Article:

Heading to IPO

Six reasons to go public.

Initial public offerings (IPOs) garner a lot of headlines, but actually make up a small proportion of business exits, as they are available only to businesses of sufficient scale and sophistication to meet the qualifying criteria and exposure to the rules and discipline of public ownership. The number of market-ready firms in Ireland therefore is generally quite small - maybe up to 25 companies a year, with perhaps five ultimately taking the steps to go public.

Notwithstanding those small numbers, an IPO is the best way to create wealth for shareholders and scale for stakeholders. The prospect of a highly lucrative exit is naturally attractive for entrepreneurs. But the benefits of going public are not limited to the financial pay-out it can achieve. An IPO brings many structural benefits for a business: the preparation itself is a long-term investment in sound management and financial practices, while life as a public company imposes value-enhancing discipline on the whole organisation from top to bottom. A successful IPO can be a significant milestone in transforming a company’s ability to drive future growth.

In practical terms, the reasons for exiting via IPO come under the following headings:

  1. Liquidity for owners: a key driver of IPOs, as with any exit, is to create a so-called ‘liquidity event’ that pays cash to the owners and investors of a business. This has the effect of de-risking ownership and providing the liquid funds to diversify wealth.
  2. Ongoing source of capital: the main reason companies go public is access to capital from a wide pool of potential investors. That diversifies funding options for the business and provides successive exit points for investors or owners who wish to reduce exposure over time.
  3. Acquisition currency: new capital can be deployed in a variety of ways: for example, to fund growth and acquisitions or to break into new markets.
  4. Credibility with banks: public companies tend to improve their bank facilities after listing, meaning more financial firepower to drive growth.
  5. Visibility with customers and suppliers: these benefits can help a business grow, achieve better pricing, source new funding, or exploit opportunities.
  6. Incentives for staff: the ability to attract and reward employees with liquid shares is also a top consideration for companies in the war for talent and growth.

Structuring the offer

How the offer is structured will have a significant impact on the personal outcomes of the business owner and other investors, as well as the company itself.
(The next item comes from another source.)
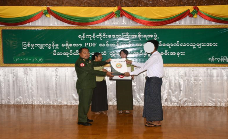နိုင်ငံတော်အစိုးရသည် PDF အပါအဝင် အဖွဲ့အစည်းအမျိုး မျိုးအမည်ခံ၍ လက်နက်ကိုင်ဆန့်ကျင်လျက်ရှိသည့်် အဖွဲ့အစည်းများအတွင်း ရောက်ရှိနေသူများအား ဉပဒေဘောင်အတွင်းသို့ ပြန်လည်ဝင်ရောက်ရန် ဖိတ်ခေါ်၍ ဉပဒေဘောင်အတွင်းသို့ ပြန်လည်ဝင်ရောက်လာကြသူများကိုလည်း လိုအပ်သည့် ကူညီပံ့ပိုးမှုများ ဆောင်ရွက် ပေးလျက်ရှိရာ နိုင်ငံတော်နှင့် တပ်မတော်၏ ငြိမ်းချမ်းရေးလုပ်ငန်းစဉ်များကို နားလည် သဘောပေါက်လာသည့် PDF အမည်ခံအဖွဲ့မှ အဖွဲ့ဝင် အမျိုးသား ၁၂ ဦးနှင့် အမျိုးသမီး ၃ ဦးတို့သည် ယနေ့တွင် ဉပဒေဘောင်အတွင်းသို့ ထပ်မံဝင်ရောက်လာကြသည်။

Key decisions on shareholder structure must be made early in the process but will have long term consequences on shareholder value and future sell-down opportunities.

A minimum 25% free float is a standard starting point to balance liquidity and investor allocations. Depending on the size of the company, this should allow for sufficient trading in the shares for investors who want to sell more into the market later. Getting the right mix between primary issuance (new money) and secondary trading (sell-down) will help retain the value of continued shareholding while making cumulative share sales financially attractive.

Pitching the valuation at the right level is a similar balancing act. ‘Leave a little for the next guy’ is a good rule of thumb. A successful IPO doesn’t just make money for the original owners and investors but creates an attractive investment opportunity for the next round of investors. After all, that’s where the exit pay-off is coming from.